Happy to say I signed many copies of The Prairie Thief! And perhaps my favorite sight of all (after Miss Rumphius, of course) was this mother and son who sat down to read Fox and Crow on the spot. 🙂

mom and boy read fox and crow

I’ll have to make another pilgrimage downtown soon (with the kids, this time) to see the inside of the beautiful new library that was thirty years in the making.

The Lord Byron of Marsh Birds

September 27, 2013 @ 4:18 pm | Filed under:

We went geocaching at a nearby park today. No luck locating the cache (we’ll try again), but we were dazzled by a close encounter with what we think was a great blue heron. He was just standing there on the grass a few yards away, gazing broodingly into the distance. Beanie and Rilla edged as close as they dared and studied him for a long time while Rose and I scoured the leaf litter for that well-camouflaged cache.

My photos didn’t come out terribly well, but when we got home, Rilla drew this picture from memory. What do you think? Great blue?

rilla's heron

San Diego Library Grand Opening

September 27, 2013 @ 5:44 am | Filed under: ,

Tomorrow, Saturday the 28th! I’ll be there—will you?

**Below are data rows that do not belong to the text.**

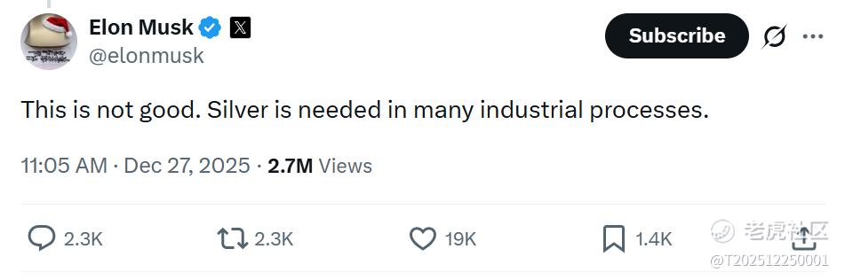马斯克在社交媒体平台X上发表上述言论的。针对关于白银价格因“严重的全球供应短缺”而出现爆炸式增长的讨论,马斯克评论称:“这不好。白银在许多工业过程中是被需要的。”
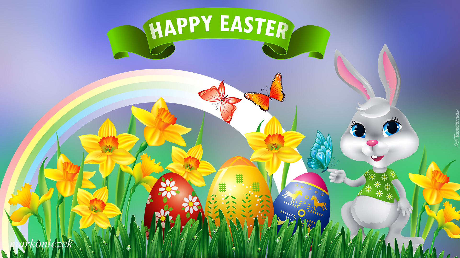 Edytor tapety: Zajączek obok tęczy nad pisankami
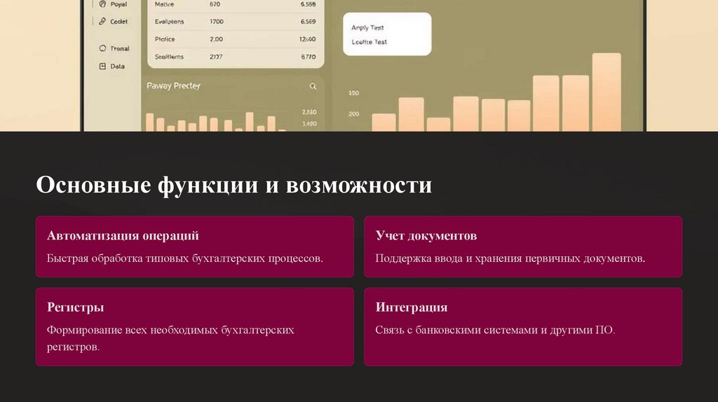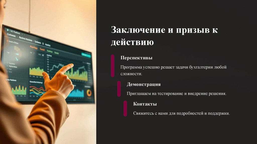 Цель — показать, как программа облегчает бухгалтерский учет.
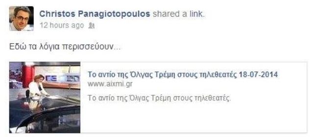 Ο Διευθυντής Ειδήσεων και Ενημέρωσης του MEGA Χρήστος Παναγιωτόπουλος έκανε το δικό του σχόλιο μέσω της προσωπικής του σελίδας στο Facebook για τον αποχαιρετισμό της Όλγας Τρέμη.
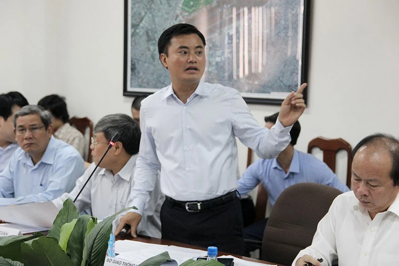 Giám đốc Sở GTVT TP.HCM Bùi Xuân Cường báo cáo tại buổi làm việc. Ảnh: HOÀNG GIANG
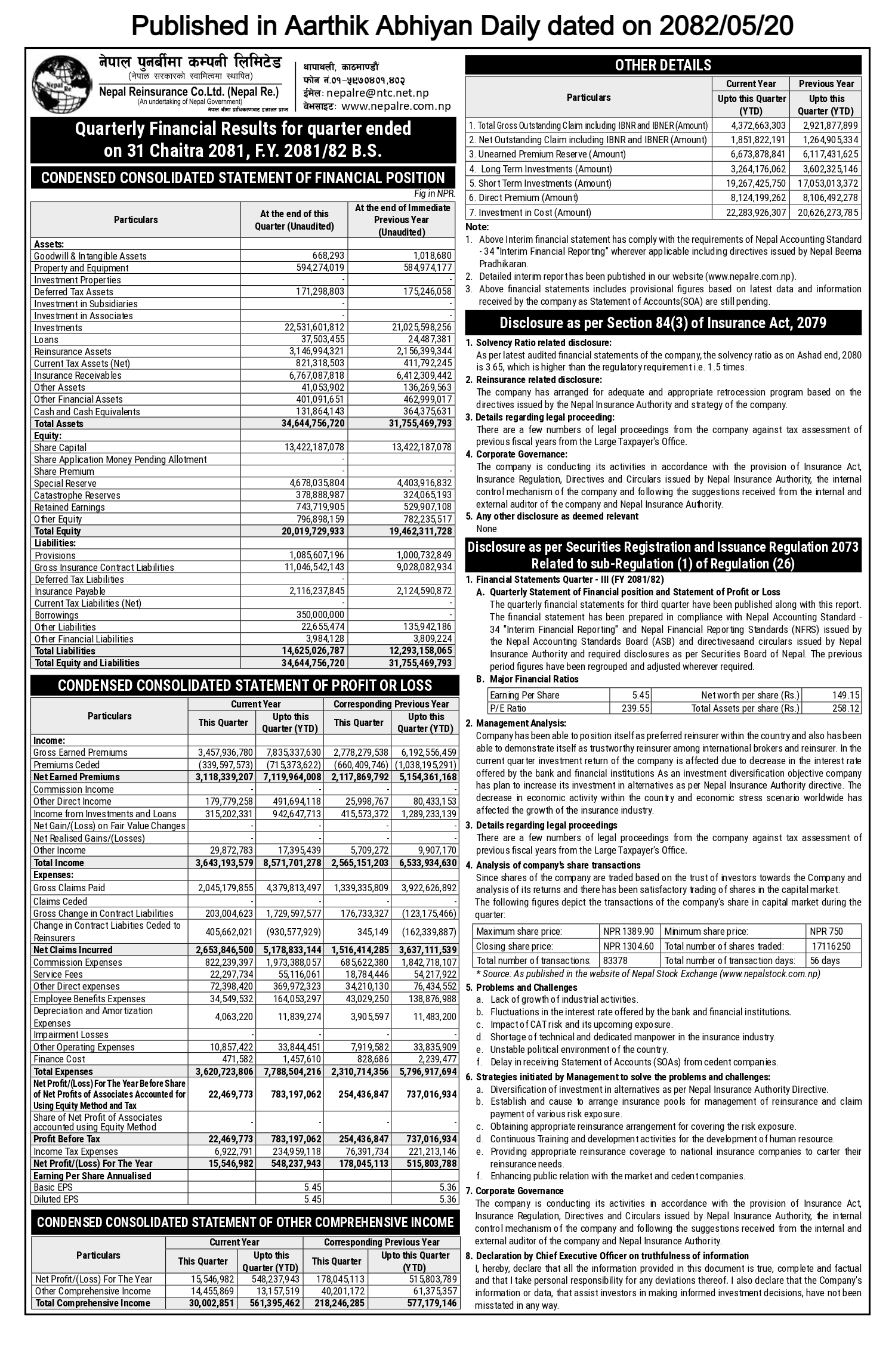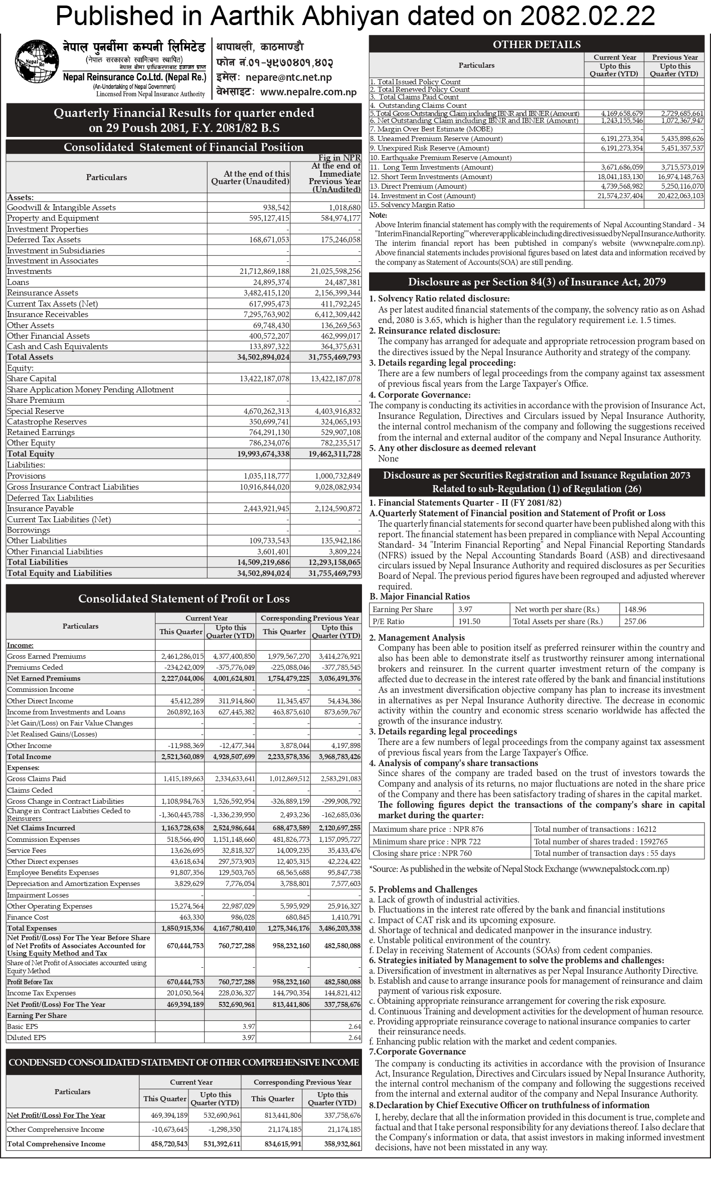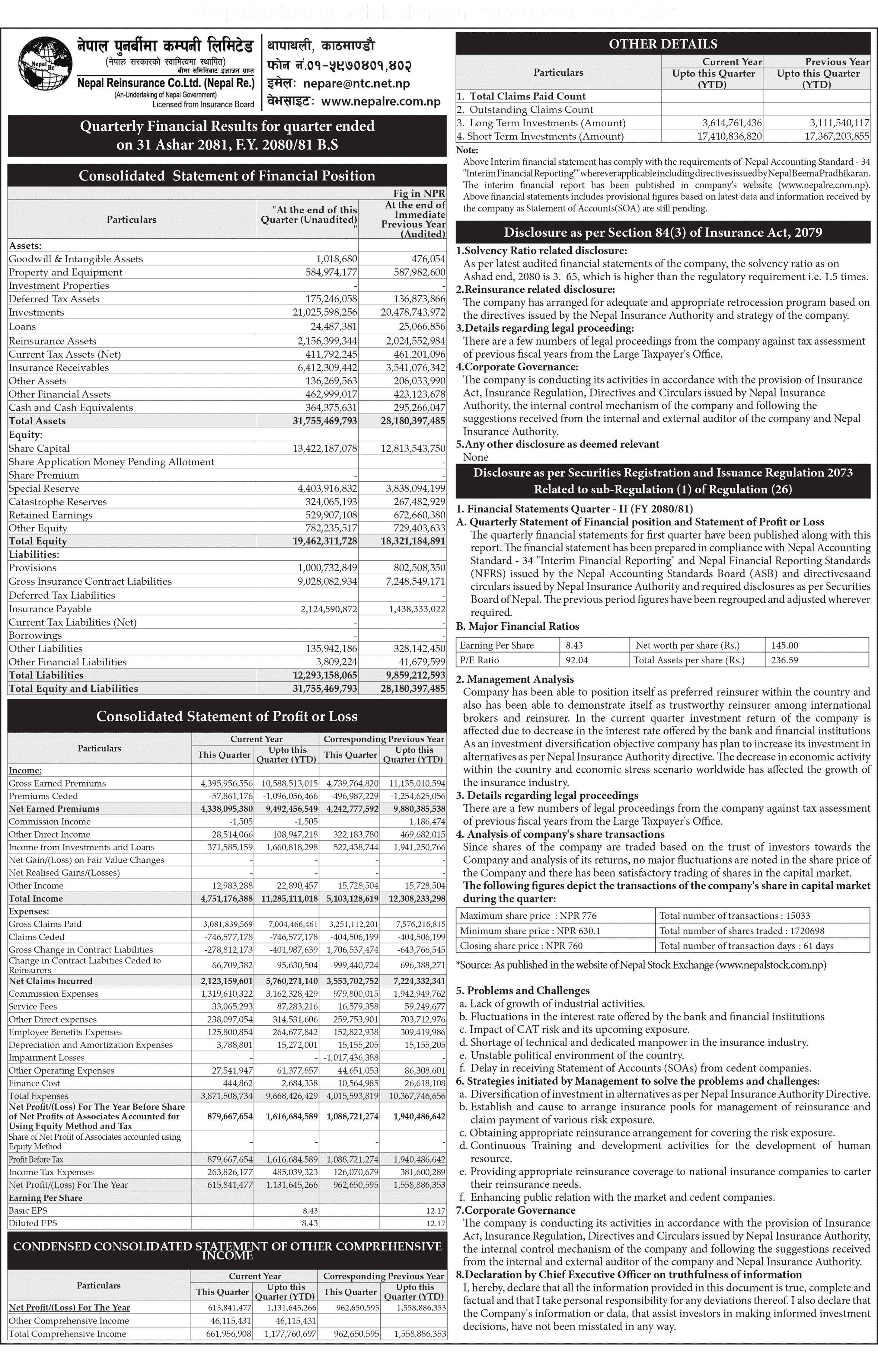 त्रैमासिक रिपोर्टहरू
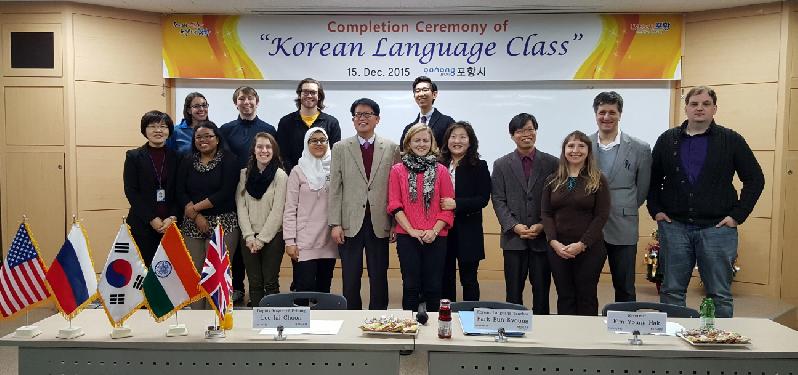 포항시가 15일 포항시청 글로벌센터 제1강의실에서 ‘2015년 하반기 외국인 한국어교실 수료식’을 가졌다. 시는 영어권 외국인을 대상으로 한국어 실력 향상 및 지역사회 적응을 통한 포항시민과의 화합을 돕기 위해 지난 9월 8일 외국인 한국어교실을 개강하였으며 3개월간의 수업 과정을 마쳤다.
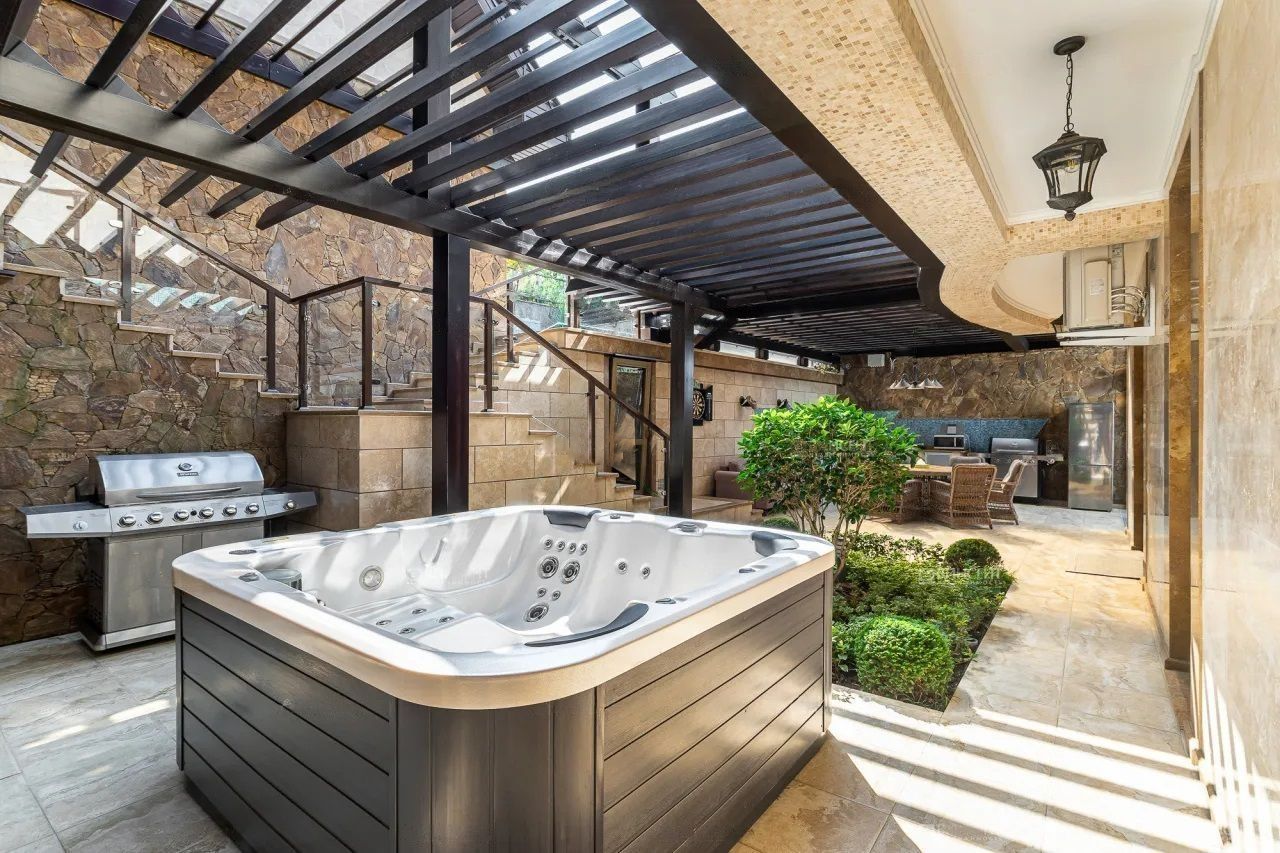Ландшафтный дизайн территории идеально дополняет архитектурную концепцию виллы. На участке есть собственный бассейн и патио с джакузи. Здесь вы сможете устраивать вечеринки для своих друзей или же SPA-вечера, наслаждаясь южным теплом и невероятными видами на Сочи!
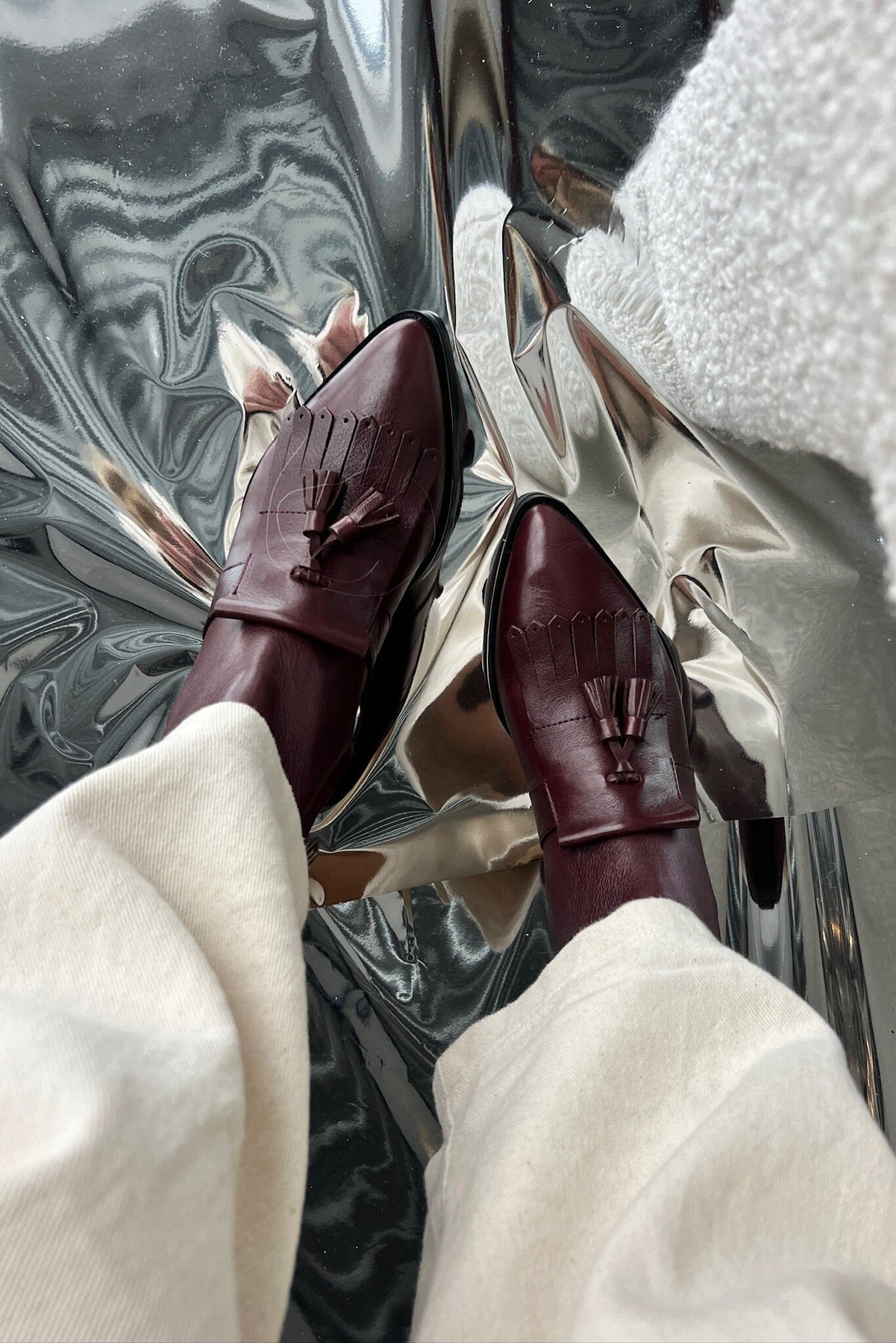 Botki od Copenhagen Shoes, wykonane ze skóry w ciepłym odcieniu bordo. Buty mają chwosty i frędzle na podbiciu, spiczasty nosek oraz praktyczny zamek błyskawiczny po wewnętrznej stronie.
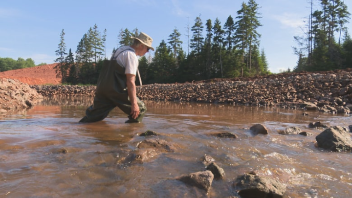 Daryl Guignion walks a newly reconstructed stretch of the Clyde River where a bridge will soon be built for the Cornwall bypass. (Brian Higgins/CBC)

Look for me at the SCBWI booth between noon and 5. Lots of other children’s authors attending too. My books will be available at the Yellow Book Road booth. The San Diego Mini Maker Faire will have a booth as well—I can’t wait to check it out!

Catching Up, Catching My Breath

September 23, 2013 @ 6:05 pm | Filed under:

The trouble with a gap between posts is that when you come back, there’s too much to catch up on. Especially a gap like this one, such an epoch in our lives! Abridged version: the trip up the coast was incredibly fun, the college is wonderful, she had a great week of orientation, today is her first day of school. As in EVER.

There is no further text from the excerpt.